There is an ongoing discussion about the difference between object-oriented programming (OOP) and functional programming (FP). Let's talk about similarities instead. Let's talk about the main building blocks: functions and objects.
If I won't be lazy this is gonna be a series of posts.
What is an object?
I tried to find a good definition, but it was harder than I thought a lot of sources talking about what is OOP, but nobody bothers to explain what is an object.
Let's go with object definition from Java, I guess:
Objects are key to understanding object-oriented technology. Look around right now and you'll find many examples of real-world objects: your dog, your desk, your television set, your bicycle.
Real-world objects share two characteristics: They all have state and behavior. Dogs have state (name, color, breed, hungry) and behavior (barking, fetching, wagging tail). Bicycles also have state (current gear, current pedal cadence, current speed) and behavior (changing gear, changing pedal cadence, applying brakes). Identifying the state and behavior for real-world objects is a great way to begin thinking in terms of object-oriented programming.
Pretty approachable definition. I will rephrase it a bit. The object is a state with a behavior attached to it.
What is a function?
I wrote 2 posts about it:
Let's go with the simplified definition (in the same vein as the object definition) and say that function is a behavior (for precise definition see links above).
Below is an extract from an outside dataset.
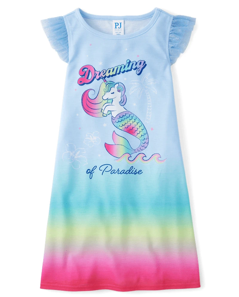 Girls Rainbow Unicorn Mermaid Flutter Nightgown

In functional programming, they like to pass functions as values, to be able to do this functions "converted" to closures (converted is not a precise word here, because closure is a function with free variables, but let's go with a simplified view).
What is closure (in programming language)?
Closures are data structures with both a code and a data component.
I will rephrase it a bit. Closure (or function as value) is a behavior with a state attached to it. (State, in this case, is immutable. I refer to any data as a state)
Wait a second 🤔
Compare those 2 definitions again:
- The object is a state with a behavior attached to it
- The closure (or function as value) is a behavior with a state attached to it
Aren't they the same?
I don't believe it. What is your proof?
Let's write some codes. I will use JavaScript because it supports both paradigms.
class DogClass {
#name;
constructor(name) {
this.#name = name;
}
bark() {
return `${this.#name} is a good dog!`;
}
}
const belka = new DogClass('Belka');
belka.bark();
Note: this example uses "Class field declarations for JavaScript" proposal to declare private field name. At the moment of posting example works in Chrome.
const DogFunction = (name) => {
return {
bark: () => {
return `${name} is a good dog!`;
}
}
}
const strelka = DogFunction('Strelka');
strelka.bark();
Note: function returns record data structure (which in JS confusingly named "Object", but we don't use any "objecty" feature we use it as a simple key-value data structure). Variable name
privately stored in the scope of a closure, there is no way to access it outside.
Not a new idea
If you think about it makes a lot of sense: all computers deal with state (data) and behavior. This idea was discovered again and again:
Here is how Lamport defines computation:
There are several ways to define computation. For now, I take the simplest: a computation is a sequence of steps, which I call a behavior. There are three common choices for what a step is, leading to three different kinds of behavior:
- Action Behavior. A step is an action, which is just an element of some set of actions. An action behavior is a sequence of actions.
- State Behavior. A step is a pair
(s, t)
of states, where a state is an element of some set of states. A state behavior is a sequences1 → s2 → s3 → · · ·
of states. The step(si, si+1)
represents a transition from statesi
to statesi+1
.- State-Action Behavior. A step is a triple
(s, α, ti)
, wheres
andt
are states andα
is an action. A state-action behavior is a sequences1 -α1→ s2 -α2→ s3 -α3→ · · ·
. The step(si, αi, si+1)
represents a transition from statesi
to statesi+1
that is performed by actionαi
.-- Computation and State Machines. Leslie Lamport, 19 April 2008
Wirth wrote the book "Algorithms + Data Structures = Programs".
Ray Toal wrote about types: A type consists of a set of values and a set of allowable operations.
PS
The question which we haven't touched is a mutation. In "pure" FP, mutations are not allowed. In OOP they are allowed. When I say pure I mean lambda calculus with lazy evaluation and IO monad, which is a narrow area ¯\_(ツ)_/¯
.
Photo by NordWood Themes on Unsplash
Top comments (34)
Functional Programming is not just made up of functions, but of pure functions. You've already started to touch on this, but these are the most important traits of a pure function according to FP:
No side-effects. Accepts input, returns output, nothing more. (You mentioned this.)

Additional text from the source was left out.